Neben dem allgemeinen Minimum-Konsens, dass es sich bei Organisationen um Systeme handelt, kann von einer weiteren grundlegenden Annahme organisationaler Lerntheorien ausgegangen werden: Informationen bewirken Änderungen der kognitiven Struktur einer Organisation (vgl. Laßleben 2002, 101).11 Sie können aus der Organisation selbst oder aus deren Umwelt stammen (z.B. Kunden, Banken, Beratungsunternehmen, Konkurrenz, Lieferanten, externe Experten, Gesetzgeber u.ä).12 Da für den Systemerhalt eine Umweltanpassung notwendig ist (vgl. z.B. Klimecki/Laßleben/Rixinger-Li 1994, 16), wird die Umwelt besonders häufig thematisiert. In ihrer Eigenschaft als Informationsquelle hält sie das Gros der dazu wichtigen Daten bereit und steht oft im Zusammenhang organisationaler Leistungen. Daher werden unter dem Aspekt organisationalen Lernens sowohl die Umwelt wie auch das Verhältnis zwischen Organisation und Umwelt konzeptionell immer berücksichtigt (vgl. z.B. Cyert/March 1963, March/Olsen 1975, Argyris/Schön 1978, Pautzke 1989, Argyris 1990, Senge 1990, Cohen/Levinthal 1990, Huber 1991, Kim 1993, Nonaka 1994, vgl. auch unter dem unternehmenskulturellen Aspekt: Dierkes/Hähner/Berthoin Antal 1997). Besonders aufschlussreich erscheint die Darstellung der Umwelt als Lernfaktor bei Duncan/Weiss (1979) und Hedberg (1981).
11
12
Als Abweichung sieht Laßleben die frühe Konzeption des Organisationszyklus von March/Olsen (1975, 1976), „die ein stark der Stimulus-Response-Logik folgendes Modell adaptiv-rationalen Lernens entwirft, und in bezug auf Lernauslöser primär auf unmittelbare, individuelle Erfahrung von Reaktionen (Feedbacks) der Umwelt auf organisationale Handlungen abhebt“ [sic] (Laßleben 2002, 101, Fn. 79).
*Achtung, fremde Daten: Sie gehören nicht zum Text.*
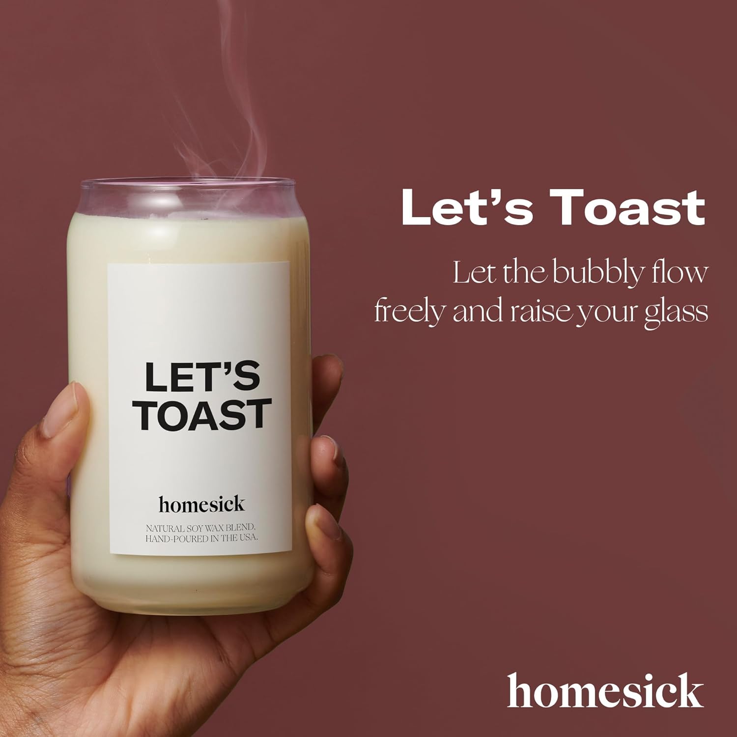 - Celebrate in Style: Let the bubbly flow freely and raise your glass for a toast to the perfect scent for any celebration. The Let's Toast candle from Homesick brings the essence of joyous moments to your home. 13.75 oz.

Arbeiten wie die von Klimecki/Laßleben et al sehen organisationales Lernen im metatheoretischen Kontext der neueren Systemtheorie aus systemisch-kybernetischen Perspektive (vgl. Klimecki/Probst 1990, Klimecki/ Laßleben/ Rixinger-Li 1994, Klimecki/Thomae 1997, Klimecki/Laßleben/Thomae 2000). Dabei werden Organisationen als umweltbezogene, dynamische, sinnorientierte und sinnstiftende kommunizierende und sich reflektierende Gebilde beschrieben (vgl. Wahren 1996, 103). Systemtheoretische Ansätze (vgl. z.B. Katz/Kahn 1966, Lawrence/Lorsch 1967, Luhmann 1984) beschäftigen sich insgesamt damit, wie die Stabilität von Organisationen aufgebaut ist, damit sie sich von der Umwelt unterscheiden, um selbst nicht aufgelöst zu werden. Dieser Zustand ist jedoch prinzipiell nicht auf Dauer damit ständig auf Erneuerung angelegt und muss sich gewissermaßen immer wieder selbst produzieren (Autopoiesis). Informationen werden dabei als Systemerzeugnisse verstanden (Luhmann 1984, 1995, Schreyögg/Noss 1995). Vgl. dazu auch Geller (1996, 18), die von einer „Lernoberfläche als Quelle von Lernprozessen“ spricht.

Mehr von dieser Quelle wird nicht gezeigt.